Sunday, December 30, 2012

who will be strong and stand with me?


Last night at the very end of the prelude before Mass, I heard the familiar French horn fanfare that denotes the arrival of the greatest of all hymns "O God Beyond All Praising."
I smirk at God. 
Well-played, sir.
I don't have time to launch anymore snark, because my tear ducts are doing their best Niagra Falls impression, and I'm caught up in the music. And each line of music is the sweetest and gentlest of salves that could soothe the savagest of beasts.

The beautiful thing about my church's choir is that they always sing the middle verse, which never gets sung at Notre Dame, and I'm not sure why. But the hymn never seems quite complete without it. It's an essential part of the story, that gets skipped over. From the joyful verse: "we can only wonder at every gift you send, at blessings without number and mercies without end." Blessings without wonder and mercies without end? As if, the cynic responds. 
But then, comes the middle section, which gives a reason for our hope. The transition from the first verse to the second needs it so desperately.

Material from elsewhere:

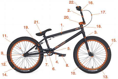 Komplet Freestyle BMX kolo je složeno ze specifických BMX komponentů. Tyto komponenty ovlivňují kvalitu a použití FBMX kola. Pro nejsnazší práci s tímto návodem doporučujeme nejprve najít hledaný komponent na obrázku. Komponent je označen číslem. Číslo naleznete dole v seznamu. Ten Vás odkáže na danou stránku, kde naleznete kompletní popis a specifikace.

The flow'r of earthly splendor in time must surely die. 
It's fragile bloom surrender to you the Lord most high. 
But hidden from all nature, the eternal seed is sown, 
Though small in mortal stature, to heaven's garden grown. 
For Christ, the man from Heaven, from death has set us free, 
And we through Him are given the final victory.

We are given the final victory. 
And with that hope in our hearts, we can sing triumphantly during the last verse:
And whether our tomorrows be filled with good or ill, 
We'll triumph through our sorrows and rise to bless you still. 

That is the music of a people who are climbing to the light.